Capítulo 5

Esa mañana, cuando salió de su cuarto ya vestido para irse a correr, se llevó una gran sorpresa al encontrar a Valeria esperándole en la cocina también vestida con ropa de deporte. Llevaba unos pantalones cortos negros, típicos de los corredores, y una camiseta amplia amarillo pálido que dejaba ver un top deportivo en amarillo chillón. Todo coronado con unas deportivas en rosa fuerte que parecían bien caras. Nada que ver con su aspecto desaliñado y barato de sus pantalones de outlet, la camiseta propagandística de un taller de coches y unas deportivas a las que le quedaba poco para tener agujeros en las suelas.

Sinceramente, no había recordado sus palabras del día anterior de que iría a correr con él. Lo cierto era que había guardado en lo más profundo de su mente los recuerdos de aquella incómoda conversación, por mucho que esa noche se hubiesen colado en sus sueños provocando que tuviese que poner una lavadora con las sábanas y los calzoncillos.

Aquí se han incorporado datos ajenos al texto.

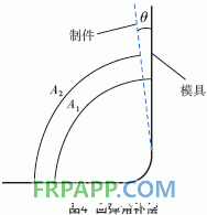 除模具的膨脹對(duì)制件固化變形有影響外,復(fù)合材料制件因?yàn)殇亴雍徒Y(jié)構(gòu)的不對(duì)稱性,以及材料本身的固化特性,在固化時(shí)產(chǎn)生內(nèi)應(yīng)力也將引起制件變形。而對(duì)于梁、長(zhǎng)桁類有大夾角的零件,固化變形最顯著的是回彈角,即制件在固化脫模后,夾角因收縮而小于模具角度,此差值為回彈角。如圖4所示,A1為模具夾角,A2為制件脫模后的夾角,θ為二者之差,即回彈角。在設(shè)計(jì)時(shí),不考慮回彈角或考慮不當(dāng),將對(duì)制件質(zhì)量產(chǎn)生較大影響,特別是對(duì)裝配的影響。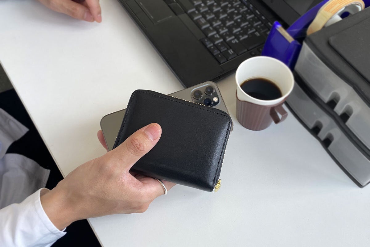 しっかり広がるポケットの口のおかげで取り出し易くお会計に小銭を探す手間も少なく◎

— Buenos días, Padre. ¿Durmió usted bien? —le preguntó Valeria desde la puerta dirigiéndole una mirada que le pareció entre acusadora y burlona. No podía ser que supiese que había soñado con ella hasta el punto de tener un orgasmo—. Tranquilícese, son cosas que pasan.

— ¿Cómo? —preguntó confuso. No podía ser que lo supiera, aunque sus palabras y su tono indicaban que sí.

— Padre, estamos en verano. Dormimos con las puertas y ventanas abiertas y más yo que quiero estar pendiente de cualquier ruido por si el asesino se cuela para matarle. Normalmente cerraría mi puerta para que ambos tuviésemos más intimidad, aunque nos achicharrásemos de calor, pero no puedo permitir que alguien se cuele por su ventana y le haga daño sin yo enterarme. Por ese motivo, cuando le escuché revolverse en la cama, me levanté a comprobar que todo estuviese bien. En cuanto vi que era solo un sueño... intenso, volví a mi cama —explicó con tono neutro en ese caso. Parecía que, por fin, se había dado cuenta de que sus palabras le avergonzaban.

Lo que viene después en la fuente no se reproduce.